I have a batch job which is parsing a CSV file and creating and processing records. At each row, I have to perform commits as I need to create entities and then use the results of the created entities.
As there is thousands of records, the performance is slow and I am trying to improve my performance.
I have code which looks something like this:
var data = ParseExcel(filePath);
Setup();
foreach (var batch in data.Split(20))
{
foreach (var row in batch)
{
try
{
ParseRow(row);
}
catch (Exception e)
{
JobLogger.Error(e, "Failed to parse row. Exception: " + e.Message);
throw;
}
}
_unitOfWork.Commit();
_unitOfWork.Dispose();
_unitOfWork = LifetimeScope.Resolve<Owned<IUnitOfWork>>().Value;
ClientRepository = LifetimeScope.Resolve<Owned<IEntityBaseRepository<Client>>>().Value;
My Dispose method looks like this:
public void Dispose()
{
_dbContext.Dispose();
_dbContext = null;
_dbFactory.Dispose();
_dbFactory = null;
GC.SuppressFinalize(this);
}
The intention here is that after each batch of records is processed, I want to refresh the unit of work by disposing of it and requesting that Autofac generates a new instance of it.
However, at the moment when I'm adding an item to my ClientRepository, it falls over with an error:
The operation cannot be completed because the DbContext has been disposed.
My ClientRepository is using a generic repository class which looks like this:
public class EntityBaseRepository<T> : IEntityBaseRepository<T> where T : class, IEntityBase, new()
{
private DataContext _dataContext;
#region Properties
protected IDbFactory DbFactory
{
get;
}
protected DataContext DbContext => _dataContext ?? (_dataContext = DbFactory.Initialise());
public EntityBaseRepository(IDbFactory dbFactory)
{
DbFactory = dbFactory;
}
#endregion
Here is part of my UnitOfWork:
public class UnitOfWork : IUnitOfWork, IDisposable
{
private IDbFactory _dbFactory;
private DataContext _dbContext;
public UnitOfWork(IDbFactory dbFactory)
{
_dbFactory = dbFactory;
}
public DataContext DbContext => _dbContext ?? (_dbContext = _dbFactory.Initialise());
public void Commit()
{
DbContext.Commit();
}
Any thoughts on why I am still getting this error?
To ensure I get a fresh instance of my UnitOfWork after each batch of operations, I retrieve a reference to my current Autofac lifetime scope and ask Autofac to give me a new lifetime scope inside a using statement, then I use Autofac to register and resolve those dependencies.

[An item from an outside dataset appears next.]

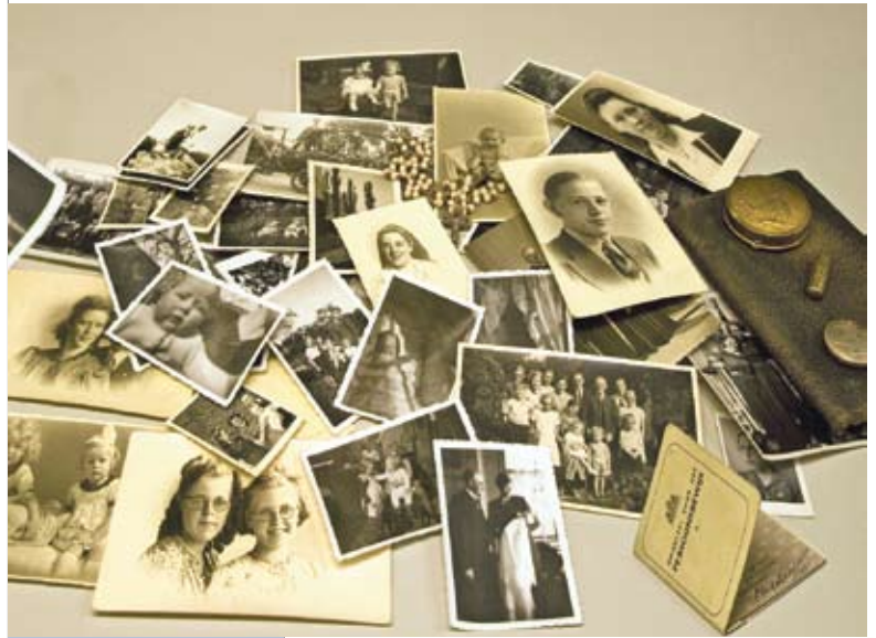
Снимки из фондов архива

Допускают ли исследователей к информации, содержащей персональные данные?

Some of my services also depend on the UnitOfWork so it was important that I get fresh instances of those dependencies too.
Here's a cut-down snippet:
foreach (var batch in data.Split(10))
{
using (var scope = LifetimeScope.BeginLifetimeScope("UnitOfWork", b =>
{
b.RegisterType<UnitOfWork>().AsImplementedInterfaces().InstancePerLifetimeScope();
b.RegisterType<MyService>().AsImplementedInterfaces().PropertiesAutowired().InstancePerLifetimeScope();
b.RegisterGeneric(typeof(EntityBaseRepository<>)).As(typeof(IEntityBaseRepository<>)).InstancePerLifetimeScope();
}))
{
UnitOfWork = scope.Resolve<IUnitOfWork>();
MyService = scope.Resolve<IMyService>();
foreach (var row in batch)
{
try
{
ParseRow(row);
}
catch (Exception e)
{
JobLogger.Error(e, "Failed to parse row. Exception: " + e.Message);
throw;
}
}
}
}
In the above code, I gave the name 'UnitOfWork' to the nested lifetime scope.
With this code in place, the performance of the job dramatically improved as this time I was not reusing the same UnitOfWork instance which was tracking tens of thousands of changes as it processed the file.
Additionally, I stopped splitting the data into batches of 10 - I decided to retrieve a new UnitOfWork after processing each row instead as each row already involved inserting data into at least 10 different tables.